Thank you for suggesting pmap_klookup, I think something along those lines is the proper solution here, I'll see what I can do.

I'll point out though that there's a lot of complexity introduced by the possibility of transient faults on arbitrary kernel addresses. Like, if it's possible to take a transient fault while dereferencing curthread, life becomes tricky; see the uses of NO_PERTHREAD_SSP in arm64 platform code. So I do wonder if it wouldn't be better to just issue a TLB shootdown when a kernel_pmap PTE changes from invalid to valid.

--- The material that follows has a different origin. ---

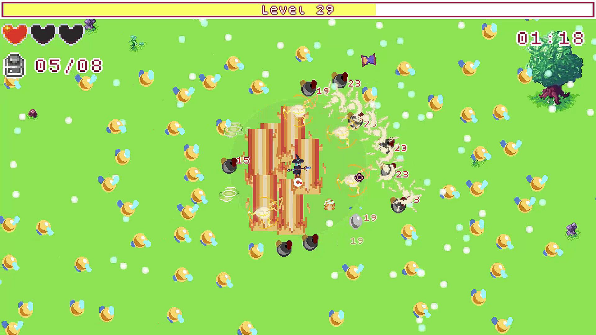 Witch Guild Survivor is a fun horde roguelite game where you play as a witch that must survive from the monsters using your poweful spells! Collect white orbs and upgrade your magic spells. Choose a combination of various elements to generate synergies between them in each run. Let's have some fun in this horde survival game!

bnovkov retitled this revision from riscv/pmap.c: Handle spurious kernel page faults in non-sleepable contexts to riscv/pmap.c: Avoid spurious kernel page faults when inserting new PTEs.
bnovkov edited the summary of this revision. (Show Details)
bnovkov edited the test plan for this revision. (Show Details)

Rework patch - flushing the TLB when inserting a new mapping fixes the original issue.

sys/riscv/riscv/pmap.c
3480

If you're going with this approach, don't you need to do this on all harts?

bnovkov marked an inline comment as done.

Address @markj 's comments.

sys/riscv/riscv/pmap.c
3480

hm, issuing a TLB shootdown is what I did initially until some premature optimization thoughts kicked in because that seemed a bit excessive.
But, I think you're right, this should be done on all harts.

sys/riscv/riscv/pmap.c
3480

Unfortunately there are other places that need to be updated: pmap_enter_l2(), pmap_enter_quick(), ???

pmap_qenter() already handles this.

Thinking about this some more, I suspect that the problems with dereferencing curthread on arm64 aren't going to arise even if you solve this problem with a lockless lookup for the kernel pmap in the fault handler: pmap_activate() issues sfence_vma(), so when a new thread first runs, it'll have already issued a fence, which should be enough.